■ Instructions to follow ■
Only the pictures are to be left out; the listing itself is repeated exactly.

■ Data block ■
=======

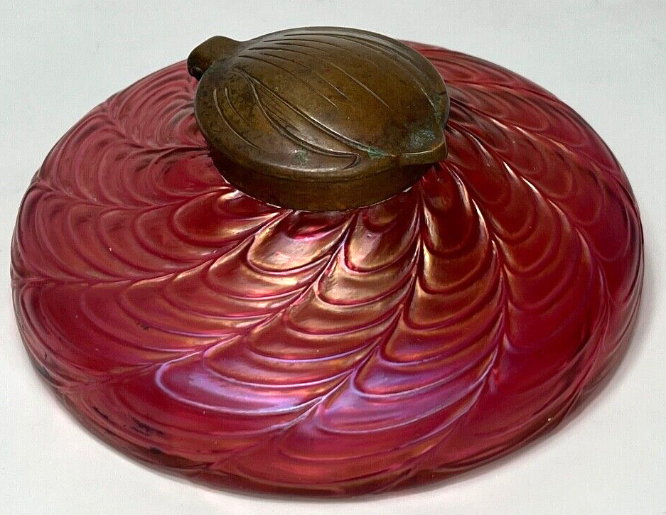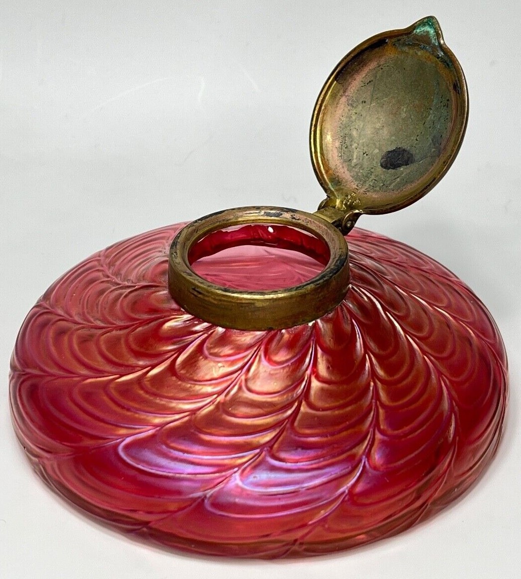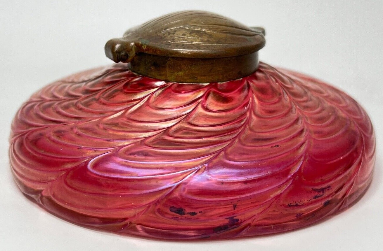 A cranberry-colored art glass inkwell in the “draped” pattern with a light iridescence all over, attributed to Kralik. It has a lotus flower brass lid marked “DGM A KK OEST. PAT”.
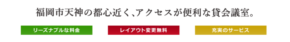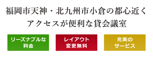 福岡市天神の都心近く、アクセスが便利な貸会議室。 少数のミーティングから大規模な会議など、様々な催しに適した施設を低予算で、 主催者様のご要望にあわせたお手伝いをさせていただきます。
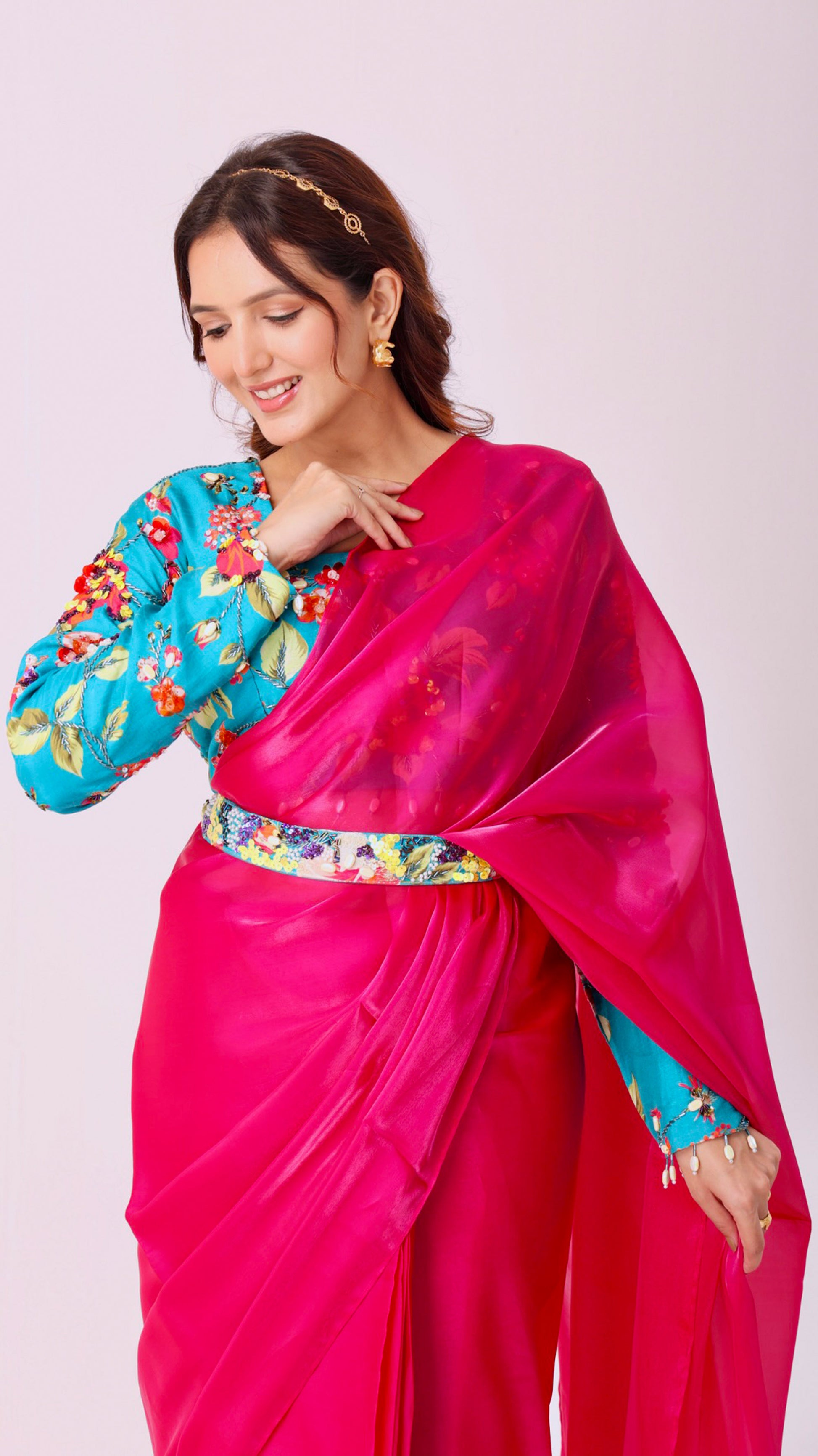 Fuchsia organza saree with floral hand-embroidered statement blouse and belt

=======

■ Response box ■
 A cranberry-colored art glass inkwell in the “draped” pattern with a light iridescence all over, attributed to Kralik. It has a lotus flower brass lid marked “DGM A KK OEST. PAT”.
 福岡市天神の都心近く、アクセスが便利な貸会議室。 少数のミーティングから大規模な会議など、様々な催しに適した施設を低予算で、 主催者様のご要望にあわせたお手伝いをさせていただきます。
 Fuchsia organza saree with floral hand-embroidered statement blouse and belt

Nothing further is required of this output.